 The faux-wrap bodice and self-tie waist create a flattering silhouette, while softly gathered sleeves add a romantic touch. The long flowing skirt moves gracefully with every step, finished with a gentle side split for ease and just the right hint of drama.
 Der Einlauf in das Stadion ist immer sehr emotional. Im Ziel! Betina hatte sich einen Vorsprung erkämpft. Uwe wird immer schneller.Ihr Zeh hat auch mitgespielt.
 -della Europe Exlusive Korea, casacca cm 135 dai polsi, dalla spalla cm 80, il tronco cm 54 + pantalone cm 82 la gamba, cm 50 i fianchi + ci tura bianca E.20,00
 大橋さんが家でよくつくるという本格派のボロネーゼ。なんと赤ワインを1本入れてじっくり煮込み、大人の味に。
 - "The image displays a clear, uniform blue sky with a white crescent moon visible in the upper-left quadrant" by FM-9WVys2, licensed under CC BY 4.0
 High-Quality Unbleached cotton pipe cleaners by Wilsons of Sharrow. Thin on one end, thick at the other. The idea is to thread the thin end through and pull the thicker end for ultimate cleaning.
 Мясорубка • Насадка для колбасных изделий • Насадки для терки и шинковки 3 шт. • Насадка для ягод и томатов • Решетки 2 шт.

+--

Work order: Nothing but the lines from the one with "High-Quality Unbleached cotton" to the last line of the data should appear in the answer, each exactly as it stands.

Exercise solution:
 High-Quality Unbleached cotton pipe cleaners by Wilsons of Sharrow. Thin on one end, thick at the other. The idea is to thread the thin end through and pull the thicker end for ultimate cleaning.
 Мясорубка • Насадка для колбасных изделий • Насадки для терки и шинковки 3 шт. • Насадка для ягод и томатов • Решетки 2 шт.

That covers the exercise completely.